### What needs to be done
Retype the data below exactly, skipping pictures.

### Collected data

Start of Block

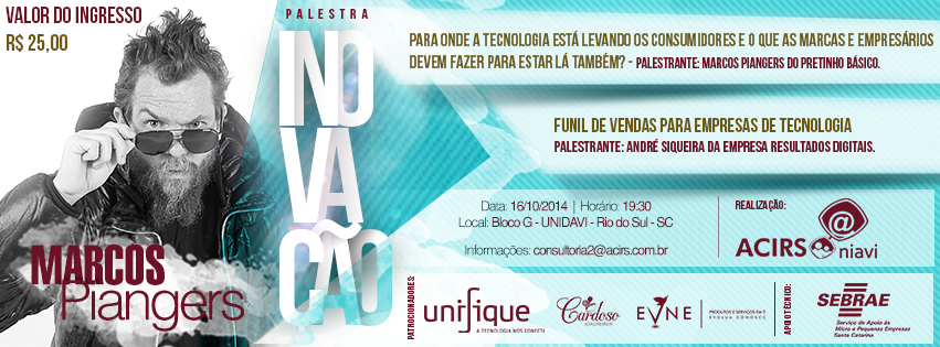 Com o tema “Inovação: Para onde a tecnologia está levando os consumidores e o que as marcas e empresários devem fazer para estar lá também”, Marcos Piangers se apresentará em Rio do Sul, no dia 16 de outubro.
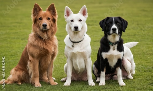 dog, white dog, black dog, brown dog, white, black, red, grass, field
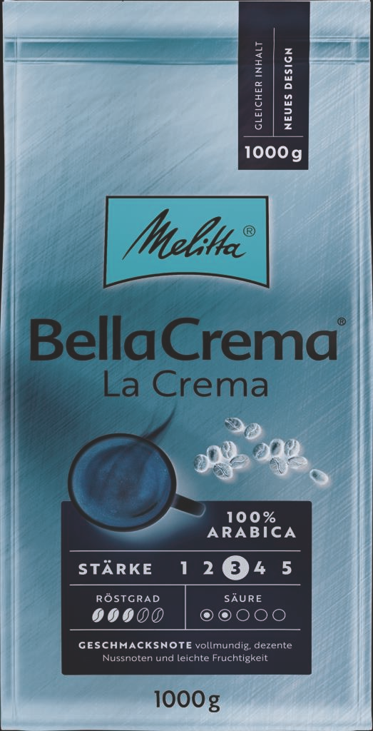 Кофе в зернах Melitta Bella Crema La Crema - мягкий и ароматный кофе для приготовления большой чашки с ароматной пенкой, чтобы Вы могли насладиться кремовым вкусом натурального кофе. Средняя прожарка. Melitta Bella Crema La Crema - предназначен для приготовления кофе в кофеварках и кофемашинах. Идеально сочетается с десертами, сорбетом, сладкими пирожными.
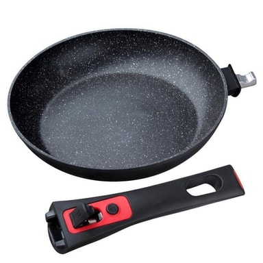Denne stekepannen med avtakbart håndtak er laget av slitesterk aluminium av høy kvalitet, har en magnetisert bunn for rask varmeoverføring og er nøye belagt med et non-stick-belegg. Denne pannen gir enestående non-stick-ytelse uten risiko for eksponering for giftige kjemikalier, ettersom belegget er helt giftfritt.

End of Block

### Answer section
 Com o tema “Inovação: Para onde a tecnologia está levando os consumidores e o que as marcas e empresários devem fazer para estar lá também”, Marcos Piangers se apresentará em Rio do Sul, no dia 16 de outubro.
 dog, white dog, black dog, brown dog, white, black, red, grass, field
 Кофе в зернах Melitta Bella Crema La Crema - мягкий и ароматный кофе для приготовления большой чашки с ароматной пенкой, чтобы Вы могли насладиться кремовым вкусом натурального кофе. Средняя прожарка. Melitta Bella Crema La Crema - предназначен для приготовления кофе в кофеварках и кофемашинах. Идеально сочетается с десертами, сорбетом, сладкими пирожными.
Denne stekepannen med avtakbart håndtak er laget av slitesterk aluminium av høy kvalitet, har en magnetisert bunn for rask varmeoverføring og er nøye belagt med et non-stick-belegg. Denne pannen gir enestående non-stick-ytelse uten risiko for eksponering for giftige kjemikalier, ettersom belegget er helt giftfritt.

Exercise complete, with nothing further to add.